**YOUR OBJECTIVE:**
Pictures left aside, return the lines below exactly, from the one with "Hmm I don't" to the end, including both ends.

**GIVEN DATA:**
◆ ◆ ◆ ◆ ◆ ◆ ◆

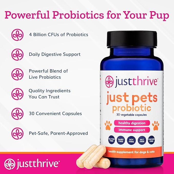 Just Thrive Just Pets Probiotic - Daily Digestive Probiotics for Dogs and Cats - 4 Billion CFUs Pet Probiotic, 30 Capsules
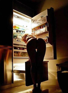 Hmm I don't know what's more tempting the beautiful lady in the fridge or the snacks in the fridge.
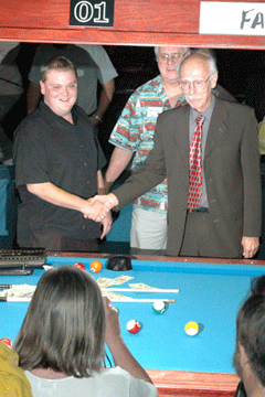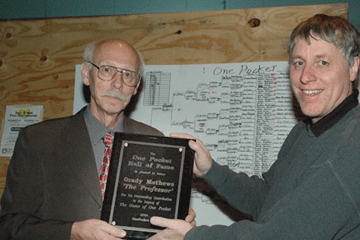 Grady Mathews -- the first inductee into the One Pocket Hall of Fame -- receives his plaque from Steve Booth

◆ ◆ ◆ ◆ ◆ ◆ ◆

**TASK ANSWER:**
 Hmm I don't know what's more tempting the beautiful lady in the fridge or the snacks in the fridge.
 Grady Mathews -- the first inductee into the One Pocket Hall of Fame -- receives his plaque from Steve Booth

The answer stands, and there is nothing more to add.